- What you have to do: Restate word for word the lines below from the one that has "The green heron" through the one that has "Çelebibağı - Çelebibağı", keeping both and dropping all pictures.

───── Stored data ─────

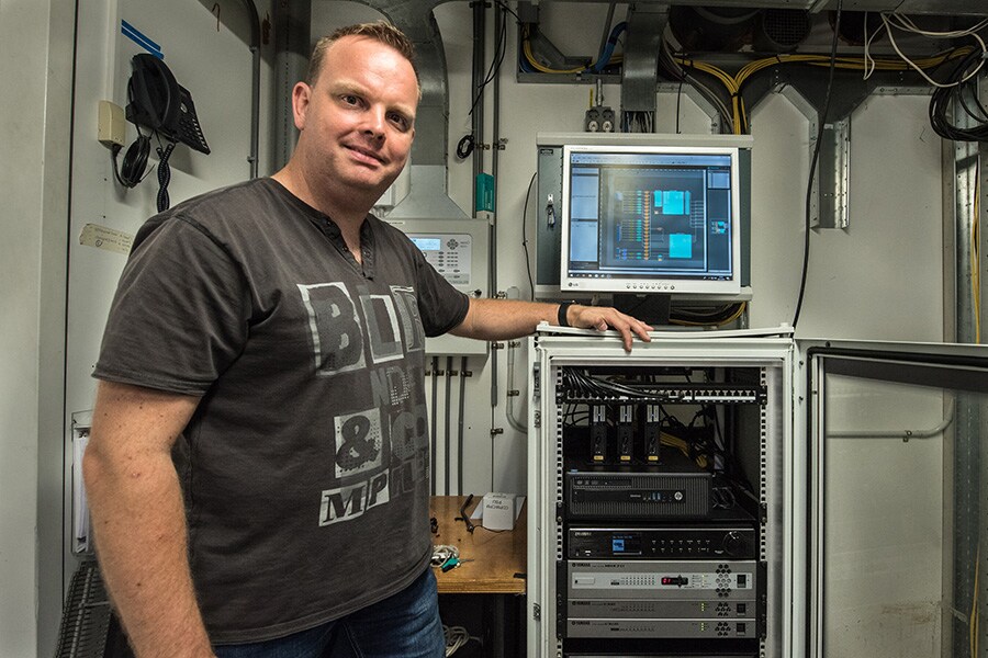 Mr. Ferdinand Boogaard in front of the central rack with the dedicated PC for programming MRX7-D
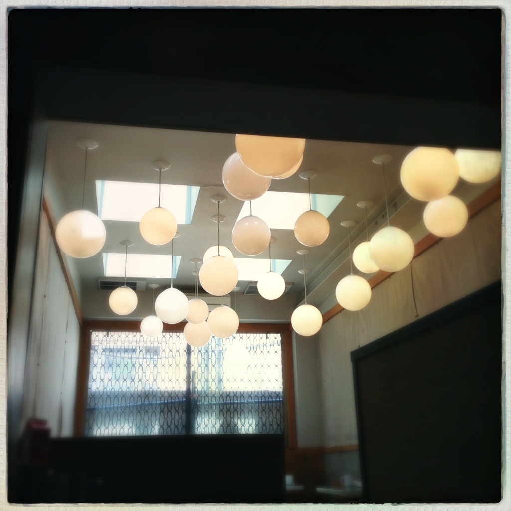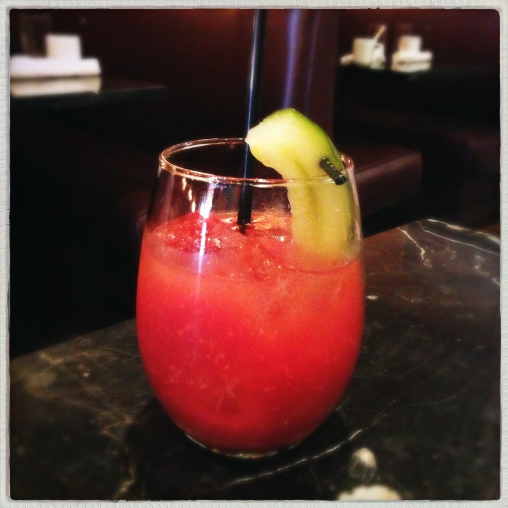 Brunch @ Char No.4: chipotle bourbon bloody, beautiful lights, fun wallpaper.
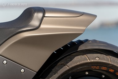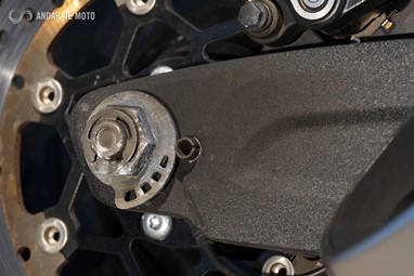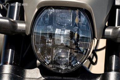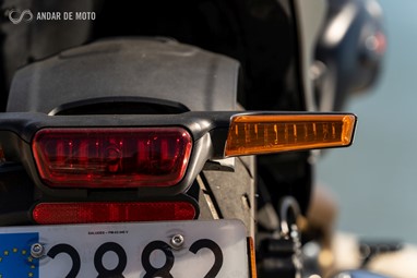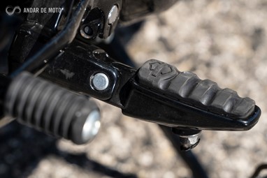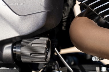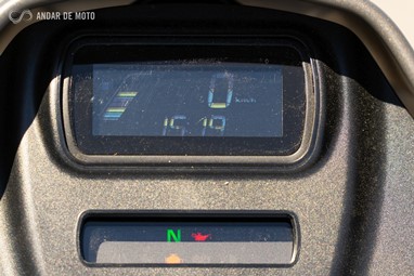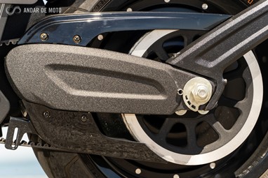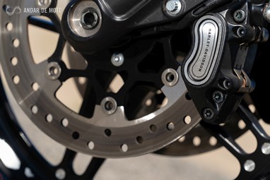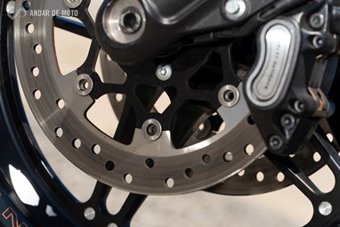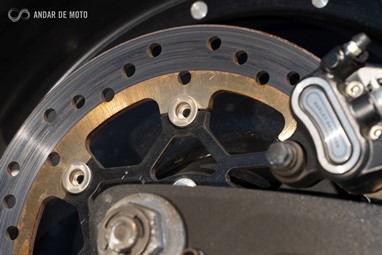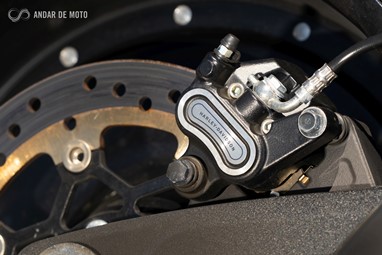 Já a forquilha invertida, de 43mm de diâmetro, apresenta um curso mais generoso, de 130mm, conseguindo ao mesmo tempo mostrar rigidez suficiente em curva, mesmo a alta velocidade, e disfarçar bastante bem o afundamento causado sob travagem, pela inércia dos cerca de 300Kg que o conjunto totaliza.
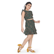 بلوزة جورجيت Pinafore Georgette الخضراء الداكنة للفتاة مع مجموعة ملابس تنورة غير متماثلة
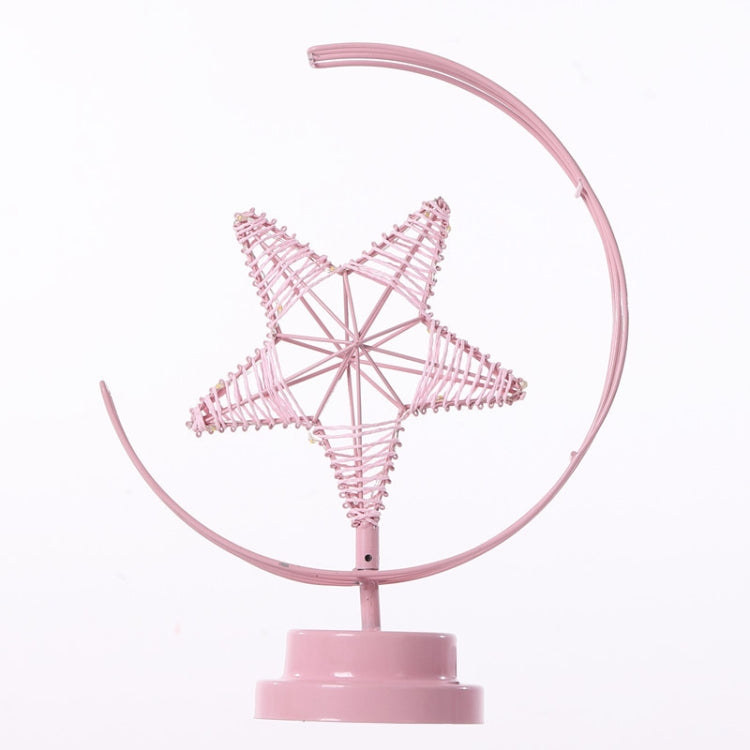 Star Moon Shape Iron Night Light Decorative Light, Battery Version (Pink)
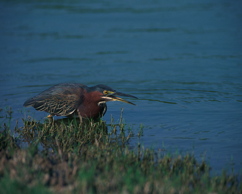 The green heron feeds at the edge of the water. It eats mostly small fish, but it also eats crustaceans, mollusks, insects, reptiles, amphibians, spiders, and leeches.
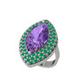 Ametist ve kök zümrüt 18 ayar beyaz altın yüzük
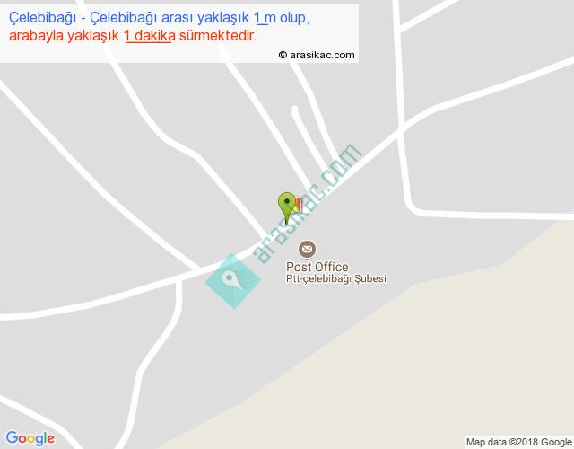 Çelebibağı - Çelebibağı arası yaklaşık olarak 90 km/h ile yukarıda belirtilen sürede olup, iki yerin kuş uçuşu uzaklığı (mesafesi) 0'dir. Yolculuk otobüsle 1 dakika sürmektedir.
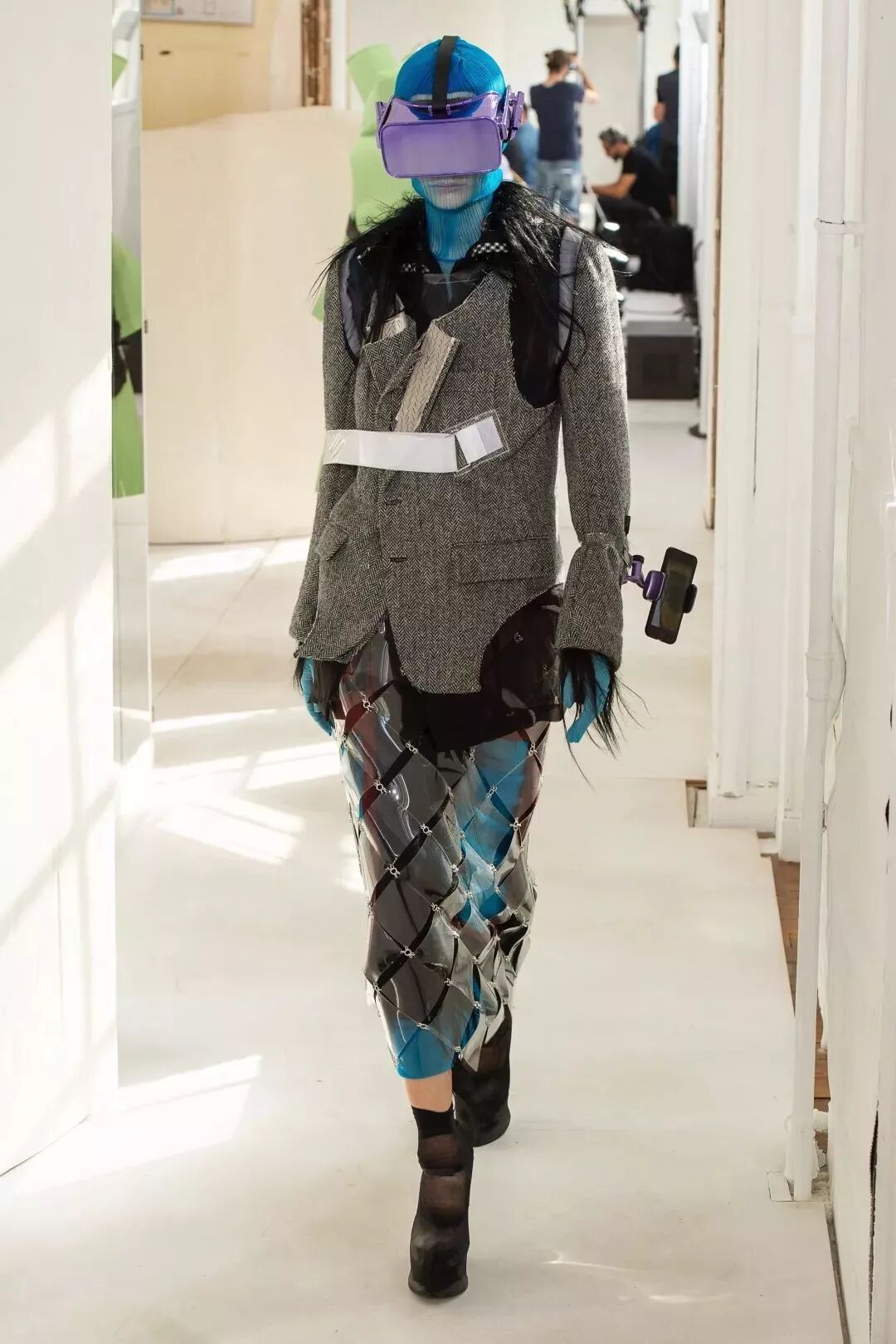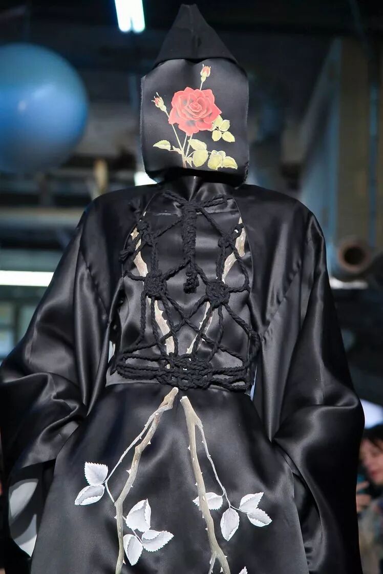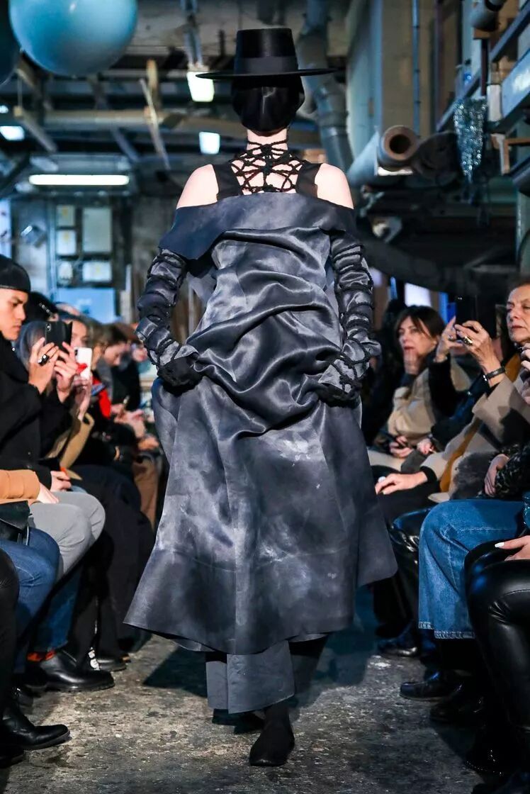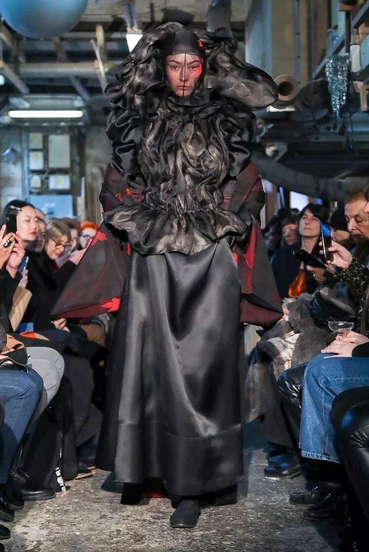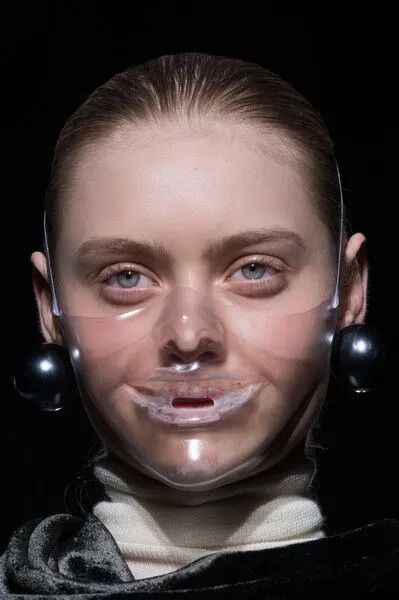 擅长在脸上做文章的Aganovich,很喜欢做“身体畸形”的反时尚戏剧化美学,Aganovich在怪诞天马行空的同时总是充满着思考,荒诞怪异的装扮下,每位模特的脸被面纱挡面,令人毛骨悚然。

─────

- Response area:
 The green heron feeds at the edge of the water. It eats mostly small fish, but it also eats crustaceans, mollusks, insects, reptiles, amphibians, spiders, and leeches.
 Ametist ve kök zümrüt 18 ayar beyaz altın yüzük
 Çelebibağı - Çelebibağı arası yaklaşık olarak 90 km/h ile yukarıda belirtilen sürede olup, iki yerin kuş uçuşu uzaklığı (mesafesi) 0'dir. Yolculuk otobüsle 1 dakika sürmektedir.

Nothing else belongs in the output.